Friday, March 31, 2006

Speaking of entitlement,

I just read the Dear Prudence column in Thursday's (yesterday) Slate. Usually I don't have a problem with the responses because the original Prudence was typically right on target. However, this new Prudence I'm not sure gets it and the very first bit of *advice* proves it.

Dear Prudence,

For the past few years, I've been dating a man in a significantly different socioeconomic class from mine. Between the two of us, this isn't much of a problem because his wealthy parents raised him with humility and social awareness, but among some of his friends, I often feel horrified by their entitled attitudes. They complain about having three weeks in Italy this summer and how boring that will get. They turn to me and ask which is my favorite thing about France, the city or the countryside? When I politely remind them of my status, which includes having been really hungry with nothing to fall back on, never having traveled to Europe, and paying for my own education, they say, "Oh, how lovely to have had that experience! You should write a novel about it!" How can a poor person politely explain to a wealthy one that their bourgeois dilemmas are hurtful to hear about, and that having one's painful experiences ironically aestheticized is no favor?

—Ex-Redneck Grad Student
This all seems reasonable to me as many of us have had the distinct pleasure of being around people like what Ex-Redneck mentions. You know the kind; as soon as you tell them you drive an '89 Ford Taurus, they ho-hum for a bit before excusing themselves.

Now for Dear Prudie's answer:

Dear Ex,

Maybe you've been watching too much Masterpiece Theatre—these people aren't viscounts and duchesses and you're not the scullery maid, they just grew up with more money than you. You made it out from poverty and are putting yourself through graduate school, where you can flaunt your vocabulary—"ironically aestheticized" indeed. Yes, it is obnoxious to assume everyone's traveled to France.
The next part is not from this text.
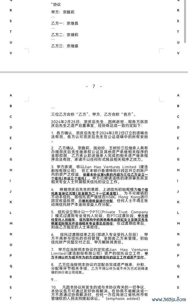 不外,香港高等法院的法官也尽头强调——"本案的诉讼并不波及宗庆后的遗产的处置事项,前述配景仅为后文说起的接头条约提供诱惑基础,该等条约中说起了上述遗嘱。"
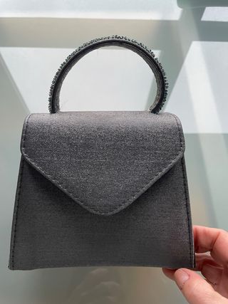 Bolso de mano gris con pedrería

But in response to your self-pitying tale, suggesting you write a novel was certainly more polite than pointing out that the chip on your shoulder is the size of the Appalachians. Spending the evening referring to your financial status makes you a bore—and that's true whether you're rich or poor. If you can't find more congenial topics to discuss when you're with these people, at least you can have some laughs with your boyfriend later about their cruel fate at having to spend three weeks in Italy.

—Prudie
I'm wondering where exactly the big chip on Ex-Redneck's shoulder lies, aren't you? I also don't recall her saying she has spent entire nights discussing her financial status with "those people". For the record, I would not find someone telling me "Oh, how lovely to have had that experience! You should write a novel about it!" as polite so much that I would find it patronizing and condescending being as they just whined about spending 3 boring weeks in Italy.

Prudie contends that because Ex-Redneck has a large vocabulary, she should be able to fit right in. Um, the last time I checked, the use of $10 words did not guarantee an individual's inclusion into the elite societies of the rich or that they would feel comfortable when there. When one considers that some young'uns lack the ability to use such words, being rich does not automatically mean smarter, especially if you were born into money instead of making it for yourself. Being rich generally means entitlement because people will suck up to you, hence the reason for Ex-Rednecks claim I think.

So, I am left thinking this new Prudie is experiencing her own sense of entitlement and, perhaps, Ex-Redneck's comment hit a nerve, yes? Prudie's response does seem to take on that lovely tone of defensiveness, which is usually a knee-jerk reaction when someone's called another out.